GiovanniPassaro rivista@sappe.it

La lingua segreta dei tatuaggi sulla persona detenuta

D

a una ricerca svolta presso le carceri romane di Regina Coeli e Rebibbia femminile, in tema di “tatuaggi sulla persona detenuta”, è emerso come la modalità di comunicazione non verbale della popolazione detenuta nel corso degli anni ha subito una profonda trasformazione.

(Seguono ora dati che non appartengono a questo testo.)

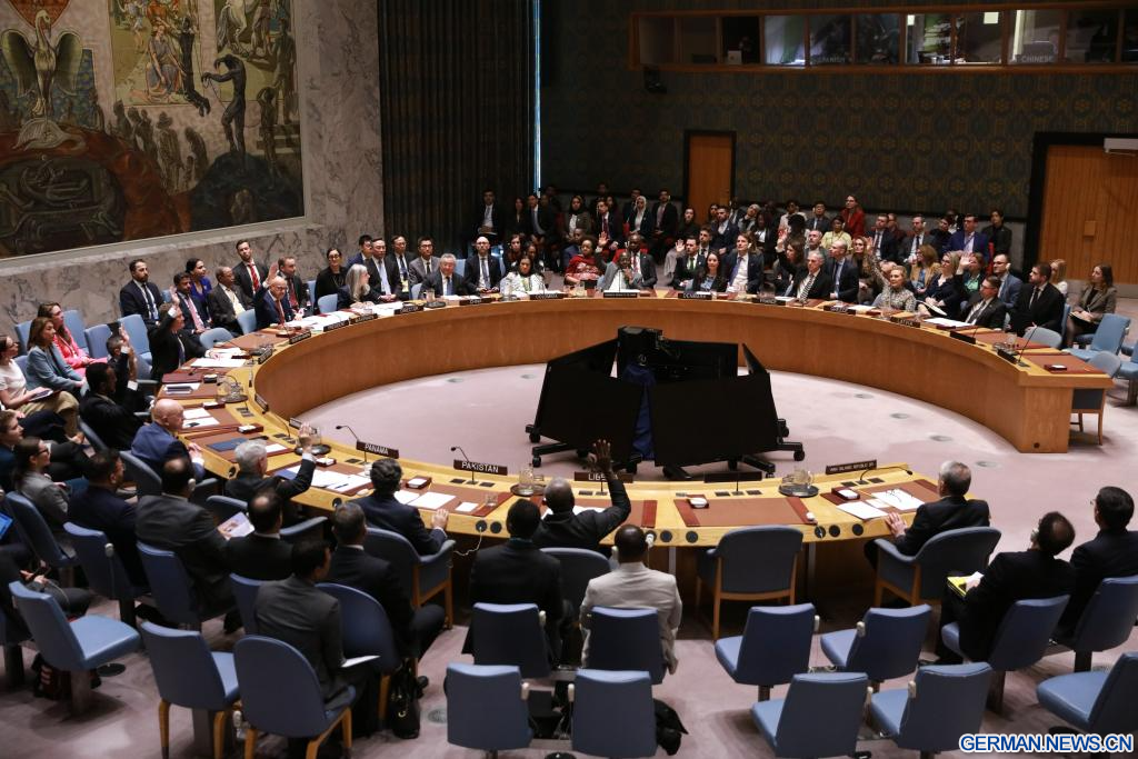 VEREINTE NATIONEN, 7. April 2026 (Xinhuanet) -- Vertreter stimmen über einen Resolutionsentwurf des UN-Sicherheitsrats zur Straße von Hormus im UN-Hauptquartier in New York ab, 7. April 2026. Der UN-Sicherheitsrat scheiterte am Dienstag bei der Verabschiedung eines Resolutionsentwurfs, der Staaten, die an der Nutzung kommerzieller Seewege in der Straße von Hormus interessiert sind, „nachdrücklich dazu ermutigt“, Maßnahmen mit defensivem Charakter zu koordinieren, um zur Gewährleistung der Sicherheit und des Schutzes der Schifffahrt durch die Straße von Hormus beizutragen, unter anderem durch die Begleitung von Handels- und Frachtschiffen. (Quelle: Xinhua/Xie E)

Nelle foto: sopra i “cinque punti della malavita” al centro una attrezzatura “artigianale” per tatuaggi

In passato, tatuarsi in carcere ostentava l’essere stato in “galera” (anche perché i tatuaggi realizzati con il metodo della "puntura a mano" creavano segni distintamente imperfetti, quindi con un aspetto più primitivo), rappresentava motivo di orgoglio, ovvero, intimava rispetto nel gergo carcerario ed incuteva timore nelle persone della società libera. Le prigioni sono state per molto tempo luogo di prova per alcuni detenuti che praticavano l’art tattoo per avere in cambio favori materiali o protezione da parte di altri carcerati. Ovviamente i tatuatori che realizzavano i loro lavori in galera non avevano a disposizione le strumentazioni adatte, né gli inchiostri adeguati alla realizzazione di tatuaggi così come siamo abituati a vederli.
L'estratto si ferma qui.